→ **Supplied data**
Start of Block

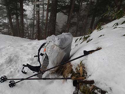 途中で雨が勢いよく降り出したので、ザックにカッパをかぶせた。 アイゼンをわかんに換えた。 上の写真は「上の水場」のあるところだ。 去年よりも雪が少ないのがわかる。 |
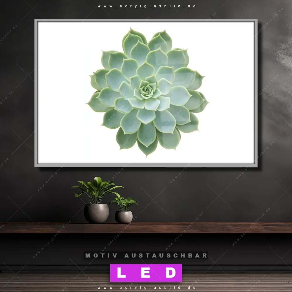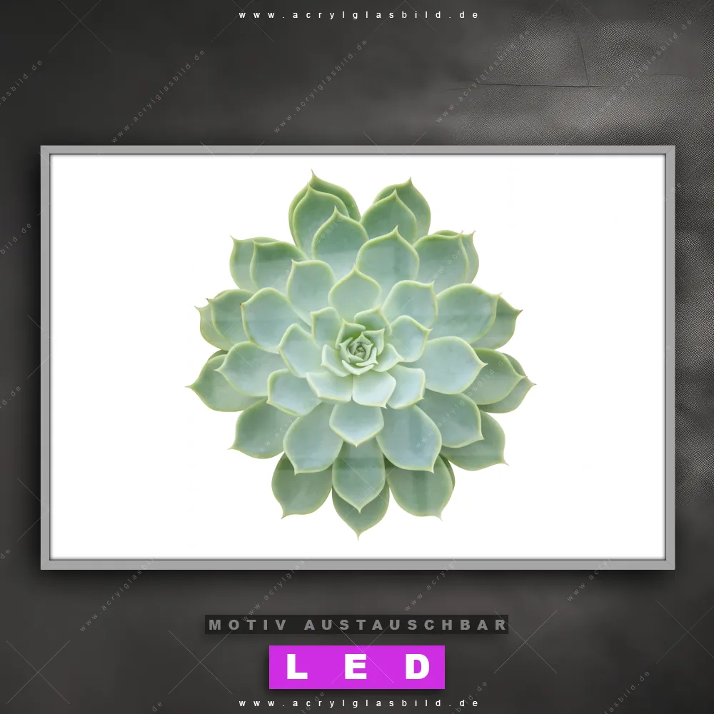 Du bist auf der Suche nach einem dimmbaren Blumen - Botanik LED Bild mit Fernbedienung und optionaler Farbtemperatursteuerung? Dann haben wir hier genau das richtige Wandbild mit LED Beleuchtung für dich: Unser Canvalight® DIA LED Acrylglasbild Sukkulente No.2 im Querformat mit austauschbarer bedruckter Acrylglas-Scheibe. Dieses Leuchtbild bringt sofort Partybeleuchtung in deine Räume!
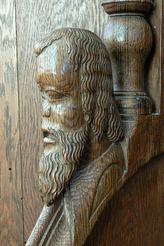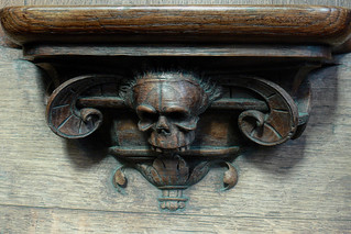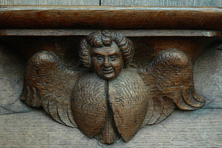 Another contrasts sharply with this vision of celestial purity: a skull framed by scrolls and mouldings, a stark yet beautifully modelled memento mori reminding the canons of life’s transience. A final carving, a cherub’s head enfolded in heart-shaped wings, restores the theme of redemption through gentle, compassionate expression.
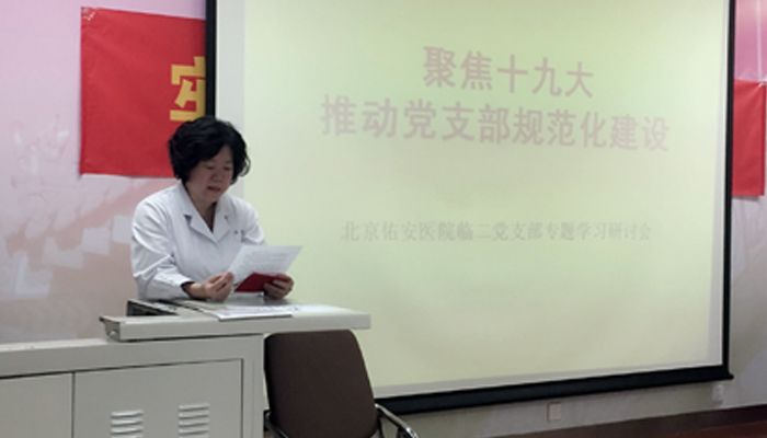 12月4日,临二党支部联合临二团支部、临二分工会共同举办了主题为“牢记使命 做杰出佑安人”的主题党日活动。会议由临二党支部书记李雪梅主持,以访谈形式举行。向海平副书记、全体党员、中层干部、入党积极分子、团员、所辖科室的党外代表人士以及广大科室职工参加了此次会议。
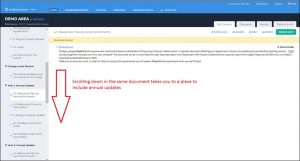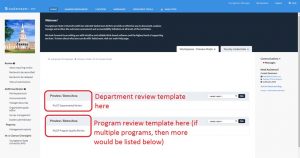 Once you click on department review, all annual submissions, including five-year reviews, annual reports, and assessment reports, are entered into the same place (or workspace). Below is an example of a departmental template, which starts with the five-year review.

End of Block
Start of Block

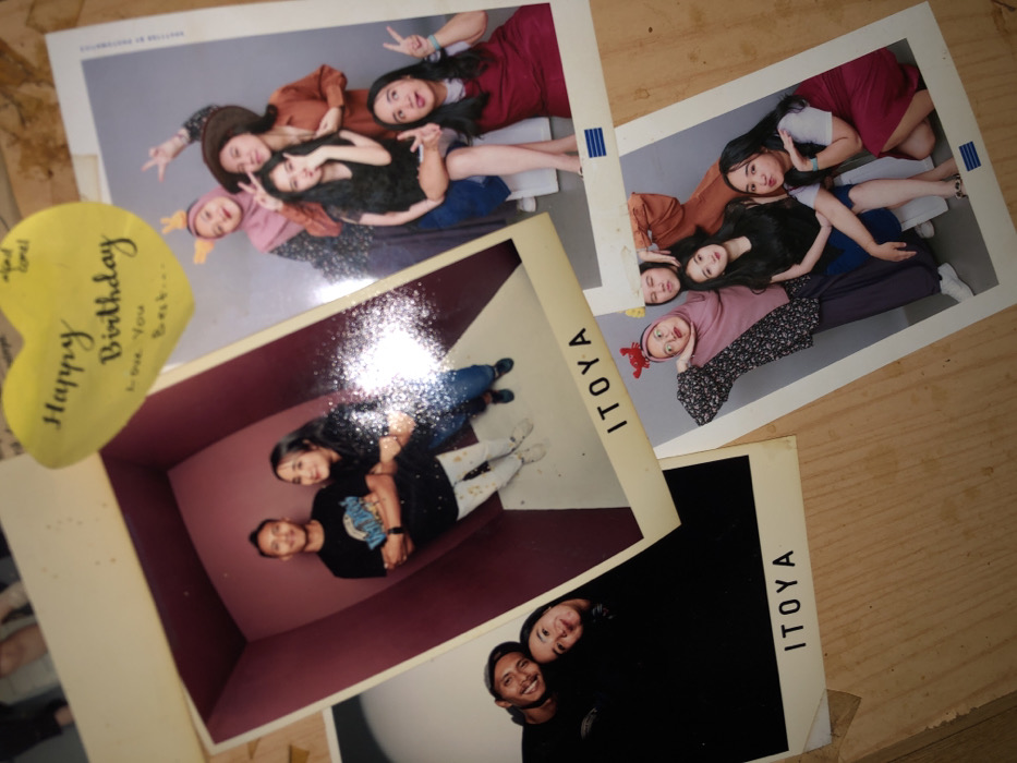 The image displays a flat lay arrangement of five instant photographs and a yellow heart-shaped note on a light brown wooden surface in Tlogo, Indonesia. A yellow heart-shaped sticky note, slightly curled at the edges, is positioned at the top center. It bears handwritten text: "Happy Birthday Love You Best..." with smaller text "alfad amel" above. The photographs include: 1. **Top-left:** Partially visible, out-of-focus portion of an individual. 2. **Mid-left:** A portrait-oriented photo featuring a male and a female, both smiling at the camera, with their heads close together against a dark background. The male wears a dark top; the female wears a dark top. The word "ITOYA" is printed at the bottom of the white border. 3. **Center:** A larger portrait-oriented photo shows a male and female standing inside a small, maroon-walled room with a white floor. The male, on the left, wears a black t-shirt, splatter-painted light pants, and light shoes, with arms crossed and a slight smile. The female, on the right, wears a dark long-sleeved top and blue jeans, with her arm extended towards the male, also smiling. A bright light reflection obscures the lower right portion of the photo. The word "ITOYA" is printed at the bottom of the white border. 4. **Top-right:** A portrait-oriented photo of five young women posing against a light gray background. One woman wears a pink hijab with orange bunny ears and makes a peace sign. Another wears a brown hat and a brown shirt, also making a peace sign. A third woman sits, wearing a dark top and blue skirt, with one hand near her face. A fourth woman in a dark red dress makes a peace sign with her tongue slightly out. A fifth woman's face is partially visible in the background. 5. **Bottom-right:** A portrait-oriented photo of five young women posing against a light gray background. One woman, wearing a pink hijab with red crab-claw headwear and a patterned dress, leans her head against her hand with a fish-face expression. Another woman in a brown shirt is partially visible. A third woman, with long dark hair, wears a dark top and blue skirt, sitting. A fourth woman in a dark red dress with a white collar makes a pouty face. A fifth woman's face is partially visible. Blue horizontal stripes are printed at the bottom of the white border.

End of Block
Start of Block

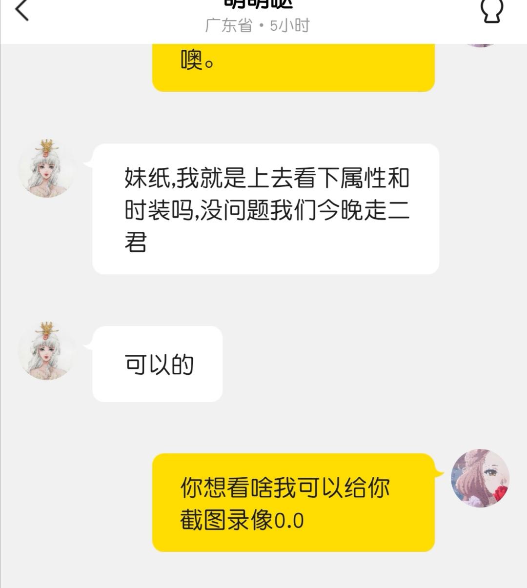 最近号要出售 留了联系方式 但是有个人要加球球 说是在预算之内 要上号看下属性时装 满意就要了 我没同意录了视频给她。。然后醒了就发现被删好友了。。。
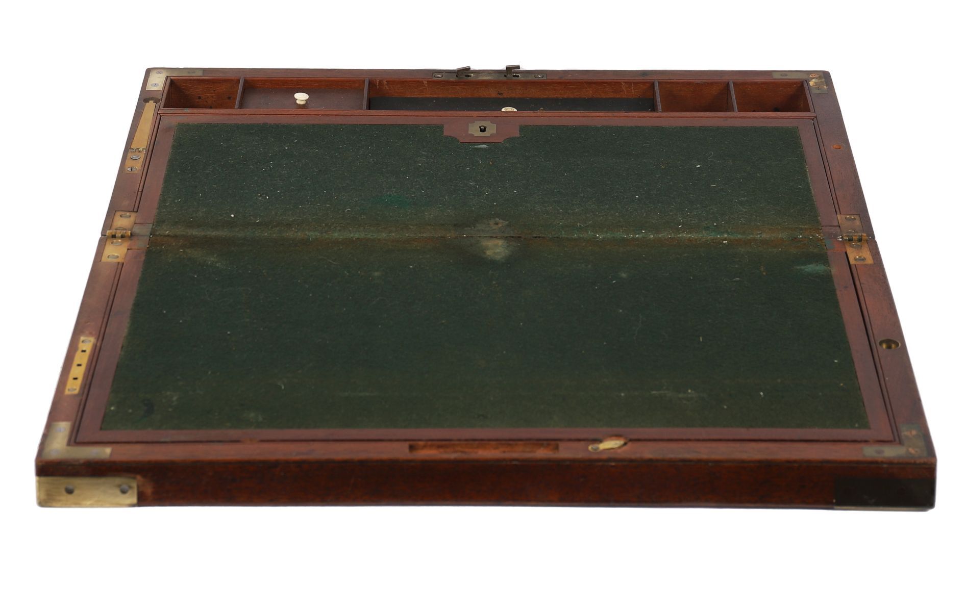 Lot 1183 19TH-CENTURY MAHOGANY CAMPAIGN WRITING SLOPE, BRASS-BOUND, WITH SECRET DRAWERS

End of Block

→ **Task directions**
Using the entries above, extract exactly the lines from the one that contains "12月4日,临二党支部联合临" through the one that contains "Once you click". Do not carry over any pictures.

→ **Response box**
 12月4日,临二党支部联合临二团支部、临二分工会共同举办了主题为“牢记使命 做杰出佑安人”的主题党日活动。会议由临二党支部书记李雪梅主持,以访谈形式举行。向海平副书记、全体党员、中层干部、入党积极分子、团员、所辖科室的党外代表人士以及广大科室职工参加了此次会议。
 Once you click on department review, all annual submissions, including five-year reviews, annual reports, and assessment reports, are entered into the same place (or workspace). Below is an example of a departmental template, which starts with the five-year review.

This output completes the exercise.